Same for non-native speakers e.g. german-english, french-english, 
 which might result in a very different pronounciation 
 (I already pointed it out at Region or dialect)

Please also ask local translators to find the right / common accents for a language, otherwise users might not be willing to select the right accent if they are unfamilar with the (too generic) labels or can’t find the right entry.

If I understood your request correctly, the current proposal also captures this, since accent for non-native languages can be “My native language”, so for example if you speak French as native and you also have English as second language, you can select your English accent as “coming from my native language” if you consider you have a French accent when speaking in English.

2 Likes

Hi Rubén, thanks for soliciting this feedback!
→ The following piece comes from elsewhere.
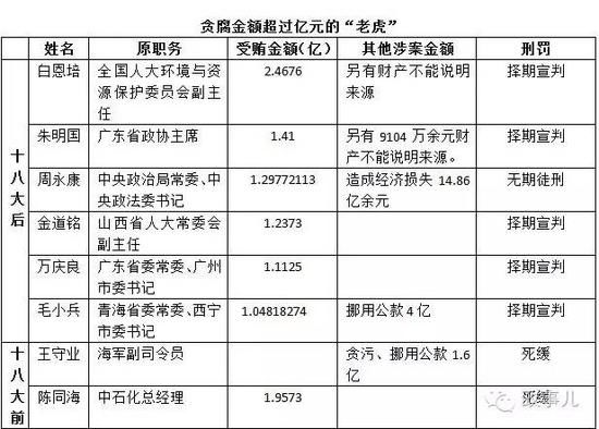 “政事儿”不完全统计,改革开放后至十八大之前落马的省部级级以上官员中,贪腐金额过亿的官员不多,中石化原老总陈同海(受贿金额1.9573亿)、海军原司令员王守业(贪污、挪用公款1.6亿)等。两人均被判处死缓。

Would you be open to including an accent category (or categories) for people with impaired enunciation from Dysarthria (see e.g. https://www.asha.org/Practice-Portal/Clinical-Topics/Dysarthria-in-Adults/) ?
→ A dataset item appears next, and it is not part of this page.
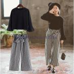 子供服 上下セット長袖 Tシャツ トップス ガウチョパンツ チェク柄可愛い 2点セット 女の子 お姫様 おしゃれ キッズ
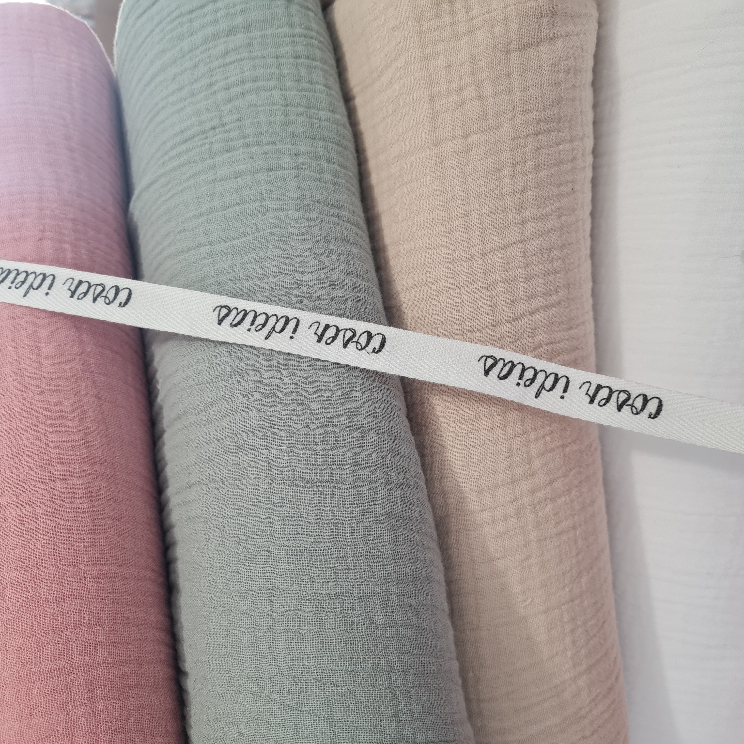 Double gauze (musselina ou tecido de fralda), 100% algodão com 1,3m de largura.

I’m developing a speech-to-text model for someone with spastic dysarthria, and we’re planning to retrain a DeepSpeech model on our audio/transcription data. So we need to record and transcribe a bunch of audio clips anyway for our training data. When I came across the common voice project (via DeepSpeech) it occurred to me that if we could collect/store our transcription on common voice, then this voice data would be available for everyone, and maybe someone else can come up with an even better model than we do.

I think this population would be a great match for common voice - people who can be understood by other people who know them, but who are not understood by Google/Amazon voice APIs or by humans who are not familiar with their voice.

Hi, I don’t really know how this would work. My understanding is that in order to train a model we need at least 1000 different voices and we should figure out with a linguistic if this can be considered an accent or each person with impaired enunciation would have a different unique one, which would limit us from creating a general model for it.

Hi RubĂ©n, my idea was just to create an accent category or categories, so that the audio/transcription data would be publically available through the common voice dataset. I wouldn’t rely on Mozilla to make a model, I’m training our own voice model anyway (which I would also be happy to share if desired).

On your 1000 different voices concern - I have two responses. First, I think we could definitely find this many people or more with these voice disorders who are interested in contributing their voice to common voice because this is a population for whom existing voice transcription models do not work adequately. Second, suppose even a general ‘spastic dysarthria’ model does not work well for most specific individuals, and so a useful model would generally need additional training data from each individual user (I don’t know yet whether or not this is the case). Even in this case though, the person-specific model would still clearly be useful far sooner, and need far less person-specific training data, if retrained from a pretrained ‘spastic dysarthria’ model, rather than if retraining started from a model previously trained on those with typical enunciation. So any application built on-top of a voice-transcription model aiming to be useful to individuals with voice disorders would be useful far more quickly to each user, with less training time required.

I appreciate your consideration and if you still feel like this is just outside the scope of common voice, I understand. But I do think including a dysarthria accent category (ideally with subcategories by type listed in my previous link) would help facilitate the creation of really useful voice transcription models by the community.

There is also a correlation between accent and the level of studies and bilingualism (influence).
We can also ask people to give their level of study and other spoken languages for better segmentation.